This means that believers, once saved by grace and through faith, must exert themselves in pursuit of a series of Christian virtues. Peter’s exhortation in 2 Peter 1:3–11 is an excellent place to begin.5 In this volume, I will, therefore, engage in a close study of this portion of Scripture and its contribution to a biblical theology of excellence. The vital issues of sanctification and spirituality, in turn, are closely tied to the pursuit of Christian virtue. The scholar who would be excellent must be both sanctified and spiritual.
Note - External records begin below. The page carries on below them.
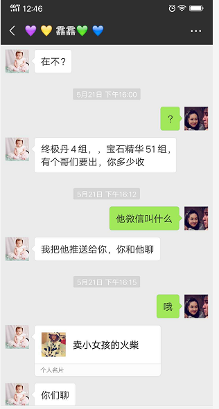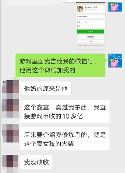 前言:近日有玩家给叶子猪记者爆料:说是新服沧海潮出了怪现象,有人借着女生身份在游戏里疑似搞诈骗.下面是爆料人给记者的详细爆料内容,希望大家看到后多警醒自己:任何时候都不要头脑发热,就会避免很多陷阱。下面是具体内容: 彪哥:你好,我要曝光一个商人利用自己的媳妇出来行骗, 被我提前发现,我想曝光他以免会有土豪被骗. 这也算是骗子新招数! 吕轻侯:利用媳妇行骗….. 好吧,应该曝光..(有点懵,怎么有这种人) 彪哥:头一次听说吧?是不是有点稀奇? 吕轻侯:确实前所未有.应该曝光的,避免其他玩家受损失.能说说具体情况吗,怎么会被人利用女生身份差点被骗? 彪哥:对呀,我也差点被诱惑,虽然我色,但是在这里我做的稳当.这么说吧,,大家都喊我嫖哥。小红旗。我也是一名摆摊商人,具体的说就是主做移民区1.5-------4年以下服务器终极丹,宝石精华消耗品流通的商人,事情还要从前5天说起,我在【沧海潮】服务器摆摊,签名备注收终极丹,宝石精华,。以及我个人微信号,然后就被骗子盯上了.骗子 微信现在我确认的是2个,具体还有没有别的那就不清楚了. 吕轻侯:上面两个微信都是你说的那个商人骗子的吗? 彪哥:是的,部分聊天记录提供不了了,他已经拒绝添加好友了. 吕轻侯:你说他是骗子,具体是怎么操作的呢?还会牵扯到媳妇? 彪哥: 他媳妇(卖小女孩的火柴)跟我聊微信全程用的是语音跟我说 的,没有打字,目的就是,如果我给他的价钱合适他会用这个小微信跟我交易,交易完后,利用找回等方式进行行骗。他本人微信在我们群里,我连续骂了3天他都不露面,所以我想的是找个记者曝光他,目的就是让每一个大话玩家在买卖东西的时候找熟人,因为利用女人行骗是我见过的第一个大话商人。 吕轻侯:然后还没有交易,你就发现了他的企图,并没有进他的套,他用自己的号喊卖然后用是女角色的小号交易,而且这个女角色微信小号是他的老婆,是这样吗? 彪哥:对的,我发现的了他用的是小微信。我不敢跟他交易,,假如我交易了今天说啥也晚了,就是没有进行交易之前,女角色(他媳妇)撒娇买嗲之类的,让你感觉是个女孩子不能太较劲?不管是谈价还是付账,男人总是在妹子面前容易丧失正常思维,脑子一热可能就爽快的付账了。 吕轻侯:这个女角色的微信号是他推荐你的吗? 彪哥:是的,游戏内我告诉他微信他添加我的。他把他媳妇的微信还给一名大话玩家推荐过. 吕轻侯:这是推荐给其他玩家的吧?发现他可能是骗子之后,你采取了什么措施呢? 彪哥:朋友圈发布,以及游戏微信群扩散.让大家注意不要被骗了. 吕轻侯:后续对于可能是骗子的他你是怎么应付的? 彪哥:目前已拉黑小号,绝不跟人品不过关的人做生意,因为我没有跟他交易,只是我自己幸运,第一先告诉我的朋友,以及商人同志们,跟他们说这个人东西不能收,交易需谨慎,骗子出新招,世界慢慢强大,大话慢慢的更新,但是骗子的也是无处不在。新招更是牛逼克拉斯。 吕轻侯:层出不穷的花样和套路,让一般玩家措手不及,还好你比较谨慎,防患于未然! 彪哥:是啊,是哇,期待我发现骗子新招能通过叶子猪给更多的人警示:任何时候都不要头脑发热,就会避免很多陷阱。 吕轻侯:感谢你站出来曝光,祝你生意红火游戏开心! 彪哥:也祝你天天开心,天天有好心情! 后记:爆料完毕.记者为这个玩家谨慎的行为表示赞同,但是还是千年老调重弹:,任何线下交易,都是有风险的,会面临各种各样的陷阱和套路,大家游戏的物资流通要尽量走藏宝阁才能避免损失.祝广大玩家都能安全游戏,快乐生活! [编辑:韦小贝]
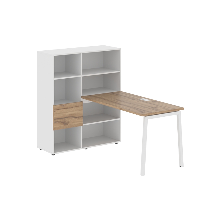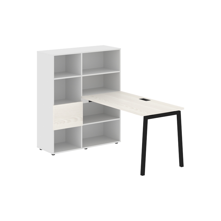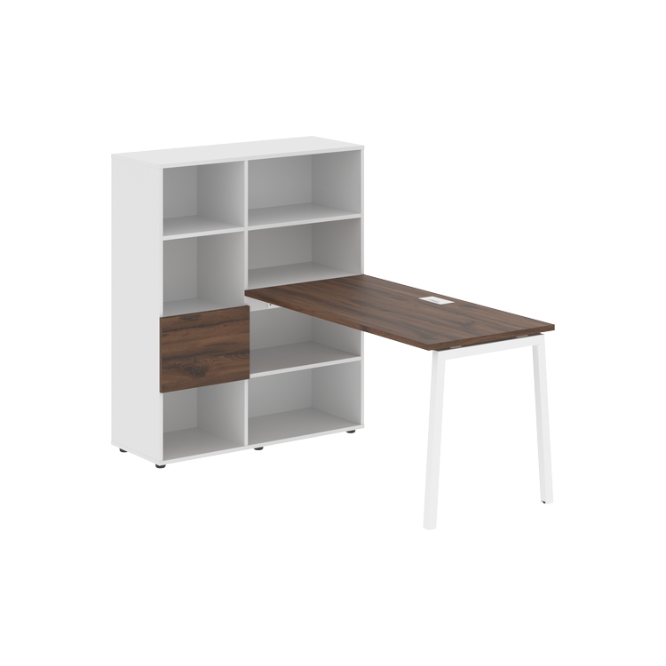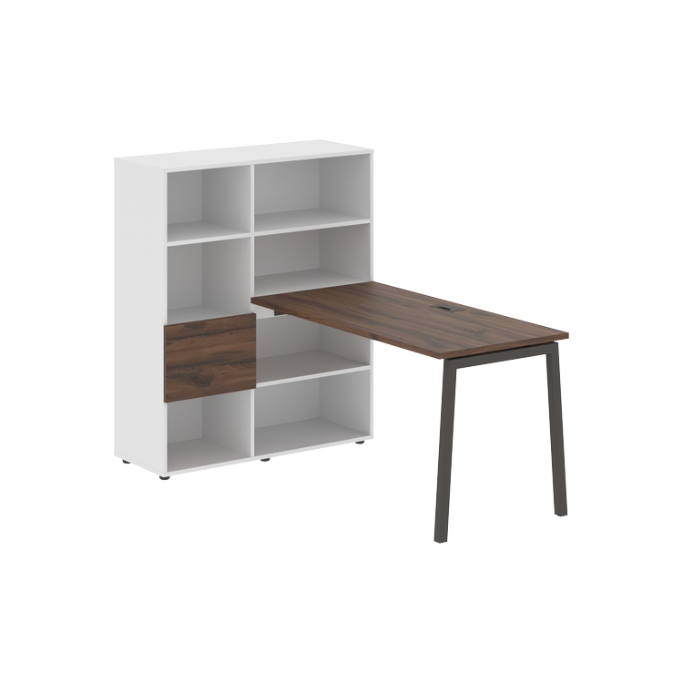 Каркасы стеллажей полностью из ЛДСП т.18 мм с кромками ПВХ т.2 и 0,45 мм, задняя стенка из ЛДСП. Комплектуется малой дверью в цвет столешницы и регулируемыми опорами h= 27 мм.
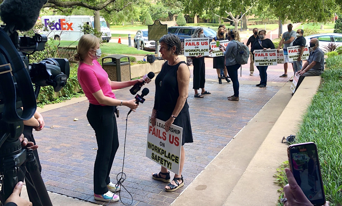 “I’m here because, since school began, I have been serving as a part-time counselor for my students on all issues COVID-related,” said European history professor Jennifer Davis. “That’s because the university is failing to provide clear leadership, clear policies about congregate living, classroom spaces, about public spaces and how we should behave in those spaces. That’s really what I want.”
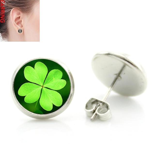 良いことあるそうな四つ葉のクローバーをデザインした丸いカボションをスタッドピアスにセットしたオシャレなファッションピアス。
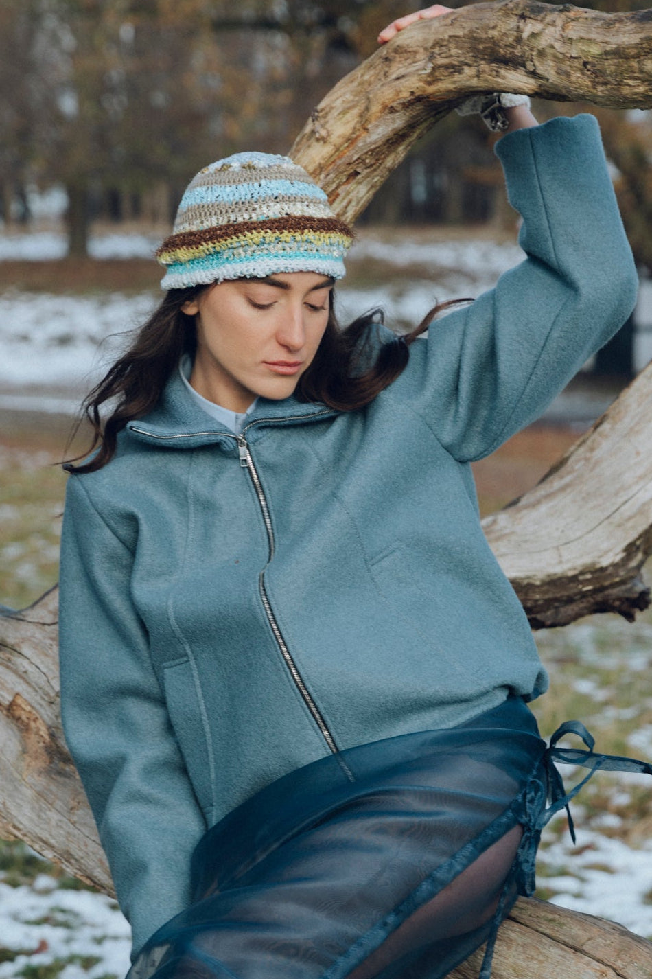 One-of-a-kind headpiece made by hand from a mix of cotton and yarn sourced in Venice. Defined by texture, weight, and restrained interplay of color. Constructed as a singular object.
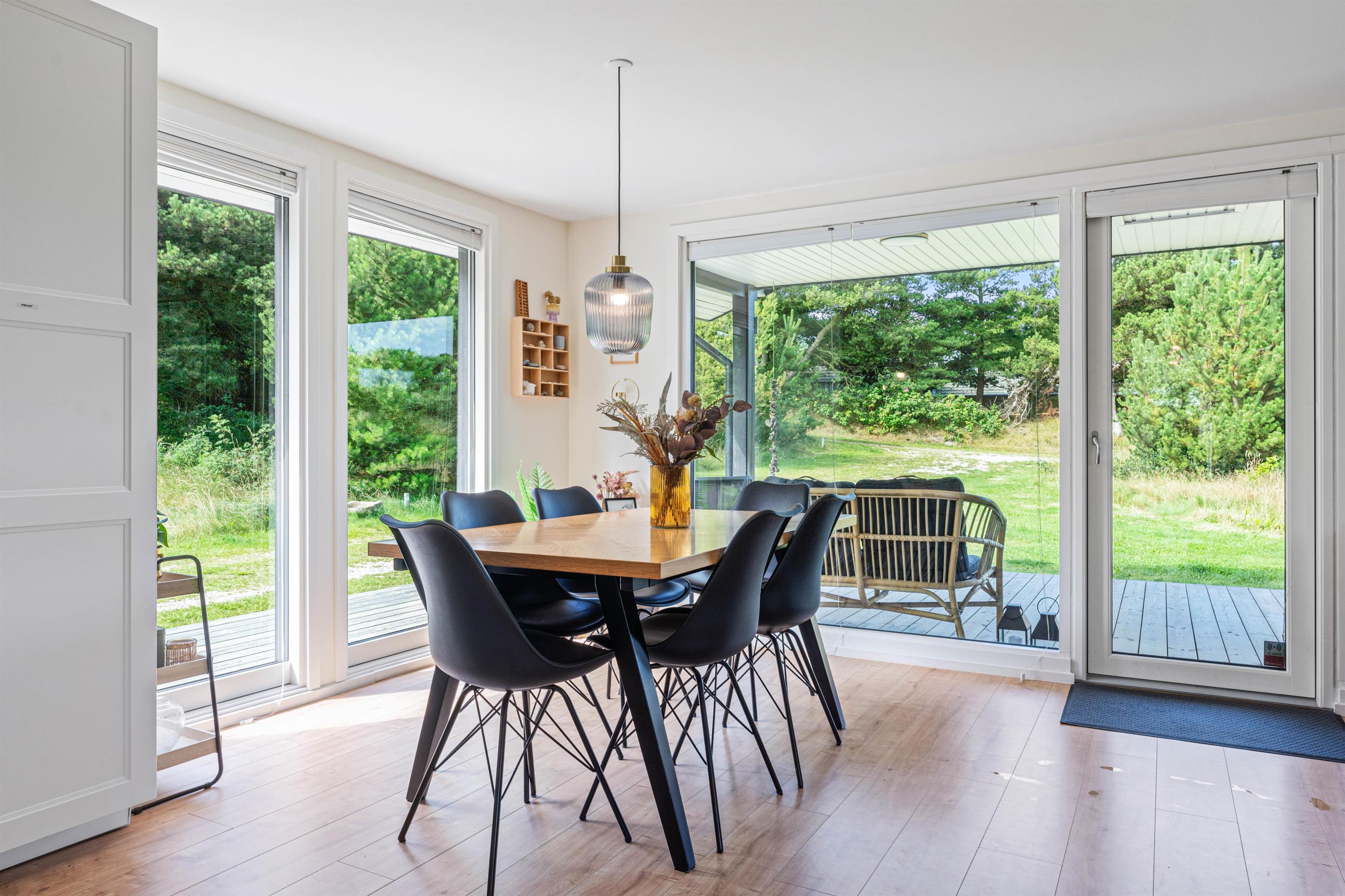 Fra alrummet kan I også nyde udsigten til sommerhusets have og den omkringliggende natur gennem de store vinduespartier, der samtidig giver et godt lysindfald i rummet.

For this reason, I will attempt to sketch the contours of a biblical theology of sanctification and to articulate a Christian understanding of spirituality.
On the basis of this foundation, I will then proceed to discuss the most important virtues aspiring scholars ought to pursue in their quest for personal and academic excellence. For convenience’s sake, I will group these qualities into three major categories: vocational, moral, and relational excellence. The bulk of the book will engage in a close study of some of the most relevant major virtues and seek to apply these insights to the scholarly task: diligence, courage, passion, restraint, creativity, eloquence, integrity, fidelity, wisdom, grace, humility, interdependence, and love.
Writing this book was challenging but also rewarding because it provided me with the occasion to reflect on my own pilgrimage as a scholar. I could not have written this book without the capable assistance of my research fellow, Alex Stewart, who was a congenial partner and co-laborer in this project. As always, thanks are also due my dear wife, Marny, a capable scholar herself, who has stood by me for over twenty years, always encouraging me to pursue the task of serious scholarship in the service of God and of the church and urging me to do so with integrity, courage, fidelity, humility, love, and excellence.
Last but not least, I thank my God who saved me and called me into his service—and thus to excellence—through my knowledge of the Lord Jesus Christ. It is by his grace that I am who I am (1 Cor. 15:10). Apart from being an incredible honor, serving him has also been a lot of fun! Let no one tell you that the Christian life, and Christian ministry, are dull and dreary drudgery; far from it. Soli Deo gloria.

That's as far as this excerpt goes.